Longtime Georgia political observer and columnist Tom Crawford writes, “Although much attention is being paid to the dollars that lobbyists spend to entertain legislators, the really big money in Georgia politics comes in the form of campaign contributions, many of them made by lobbyists.” He is right on the button.
And then there is this: The unregistered lobbyist who took Ralston and his family and Ralston’s chief of staff Spiro Amburn and his wife to Germany on the $17,000 boondoggle over the Thanksgiving holidays in 2010 was fined a whopping $300 by the Transparency and Whatever Committee recently. Why such a little fine for such a big brouhaha? The entourage says it was there to look at magnetic-levitation trains (insert joke here). State law only requires a person to register as a lobbyist if they are trying to influence pending legislation. Since no one had introduced a bill on maglev trains before or during this excursion, there was no official influence-peddling taking place, even though their host represents a company that sells these trains. Even Junior E. Lee is still trying to figure that one out.
I had high hopes when the Republicans gained control in Georgia from a group of Democrats who thought they ruled by divine right. I should have known better. Incumbency breeds money, and money breeds arrogance, and in politics, arrogance knows no party affiliation.

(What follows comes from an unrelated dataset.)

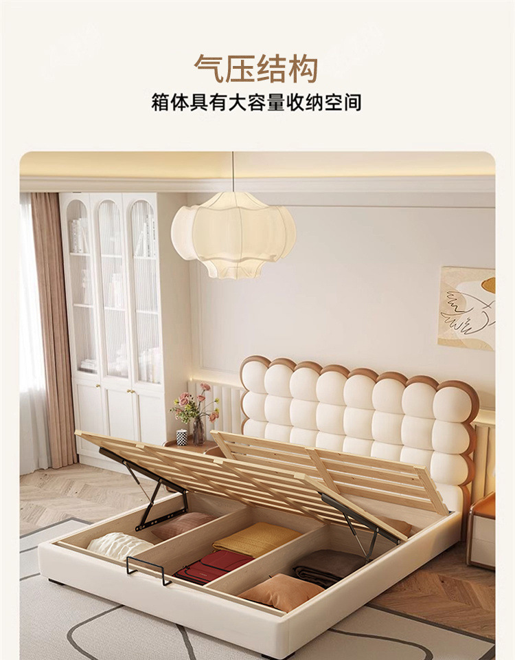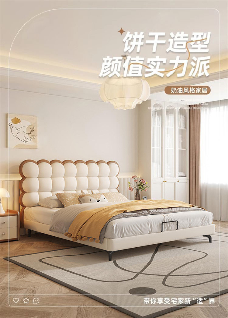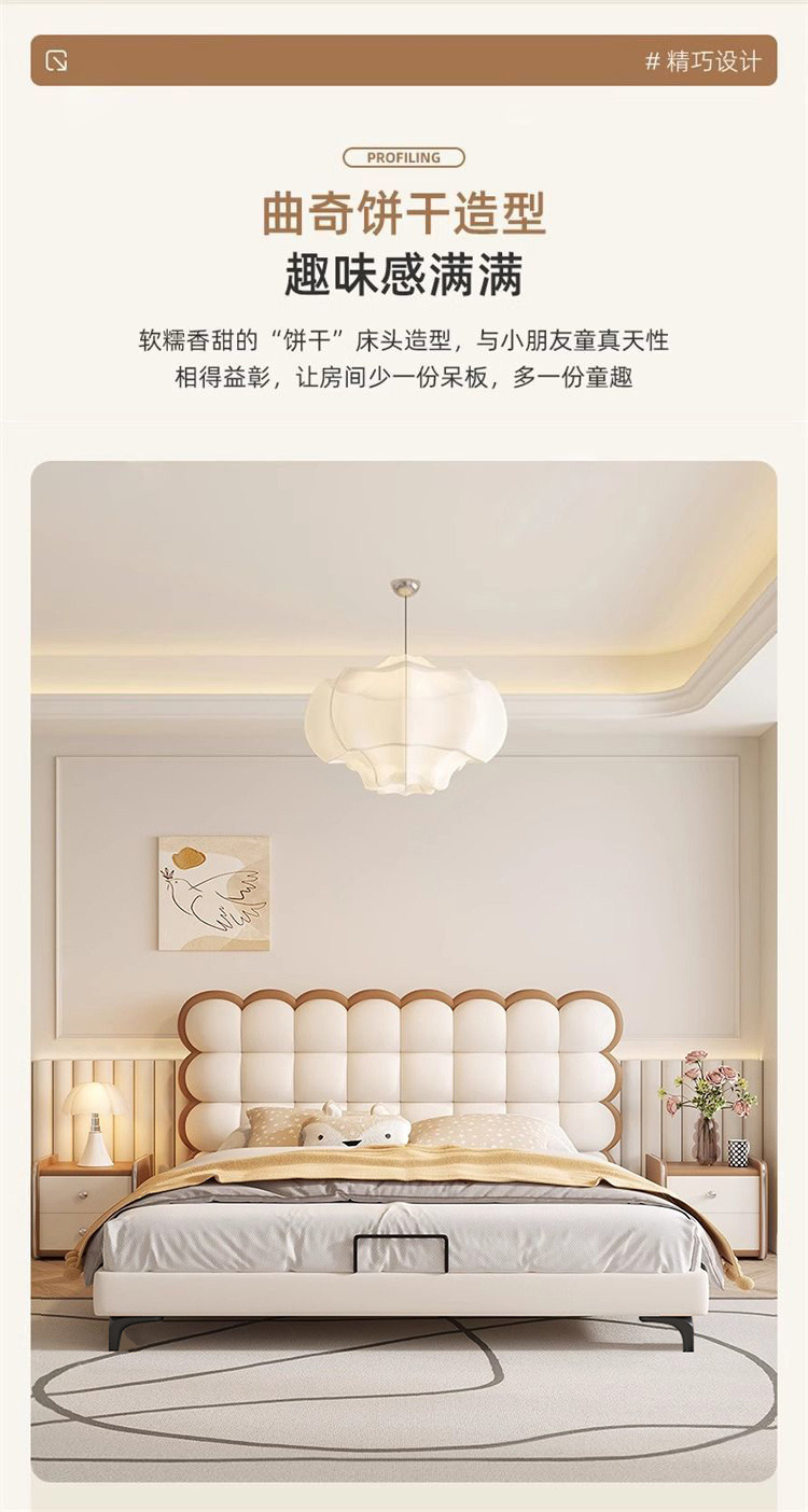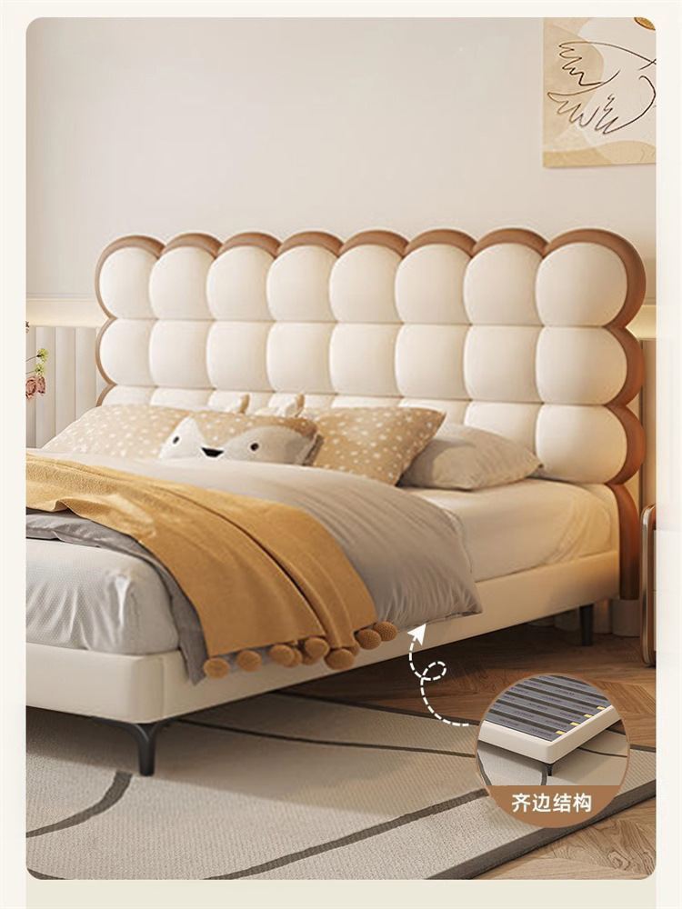 2025 새로운 미국 스타일 쿠키 침대 어린이 침대 소년과 소녀 크림 스타일 가죽 침대 퍼프 소프트 백 인터넷 유명 공주스토어 가기
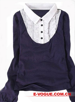 非常OL的一件小衫。蓝紫色的长袖和复古式的衬衣结合,感觉素雅。

I give the current crowd one more election cycle to make a serious effort to understand our concerns about their nod-nod, wink-wink association with lobbyists and do something about it. If they don’t, not even their suck-up relationship with the American Legislative Exchange Council and Americans for Prosperity can save their careers. Legislators may find all of this silly, but We the Unwashed do not.